“It’s good to know where you come from.
It makes you what you are today.
It’s DNA. It’s in your blood.”
—Alexander McQueen
In 1984 I was at boarding school in Michigan when my father called from Arizona to tell me about a long-distance phone call he had received from my mother.
Her husband Tom had died after a prolonged bout with cancer. Now a widow in her forties, Lela was back in college studying to become a registered nurse. The reason (or pretense?) for her call was to ask for my social security number. Apparently she was updating her will and wanted to list me as beneficiary.
“But you know how Lela is,” Dad said. “According to her you stand to inherit a mountain top of all things!

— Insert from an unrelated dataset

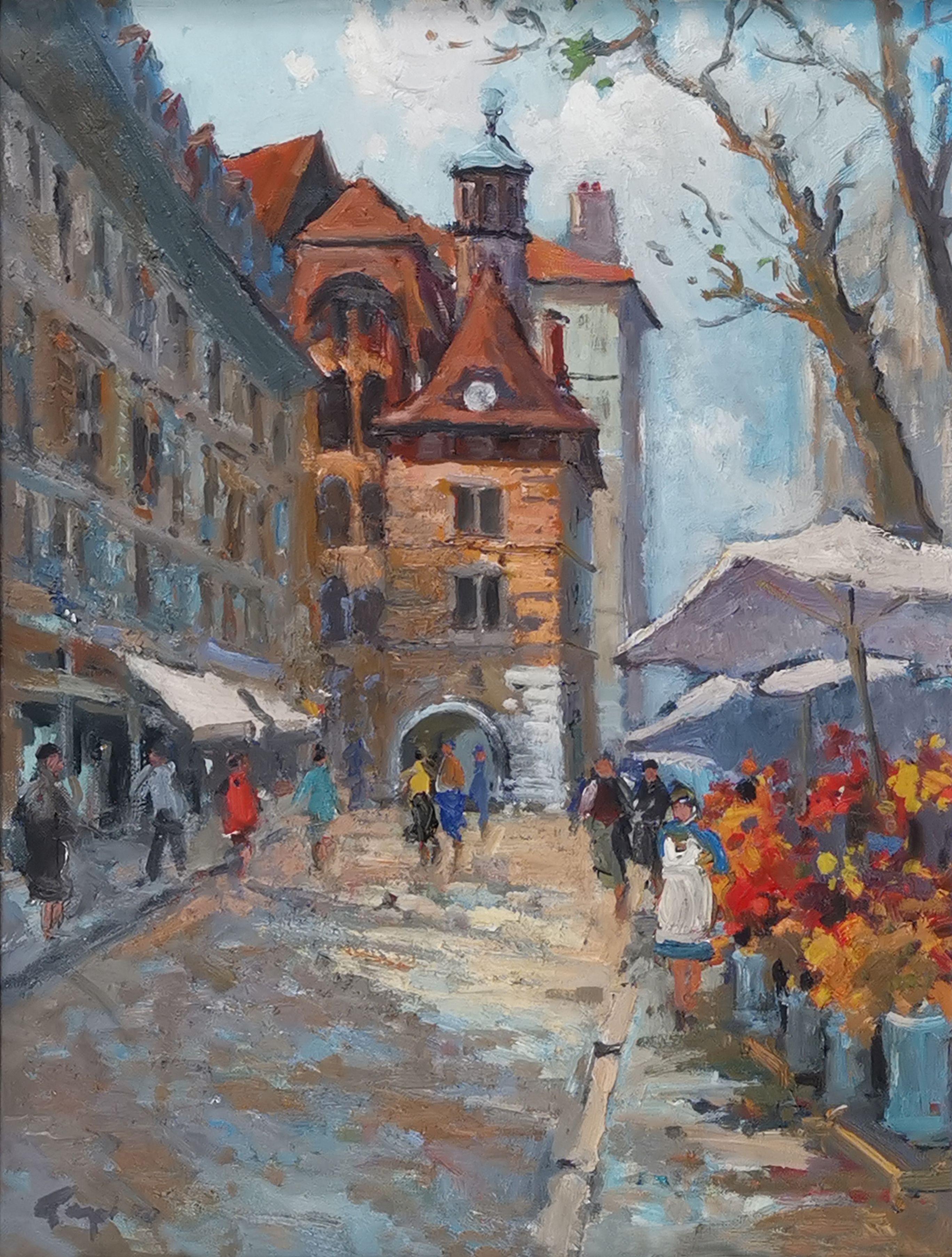 La place du Molard, huile sur toile, signature illisible, 60x46 cm

I promised I’d let you know … even though it’s probably horseshit.”
“Wait, where is she?” I asked my dad.
“Did you get an address? What’s her phone number?”
I already knew what he would say.
“Naw, I didn’t ask. Why do you care? She’s crazy!”
Same old stubborn Daddy Bill.
I didn’t press him. Ever since Lela’s Irish goodbye in '79, I’d grown increasingly ambivalent about her. I had many questions, but it was clear to me that they would never be answered by her or by my father.
A few years later just before my college graduation, Dad came to visit me in Boston. He’d recently divorced wife number four and he wanted to take me on a road trip.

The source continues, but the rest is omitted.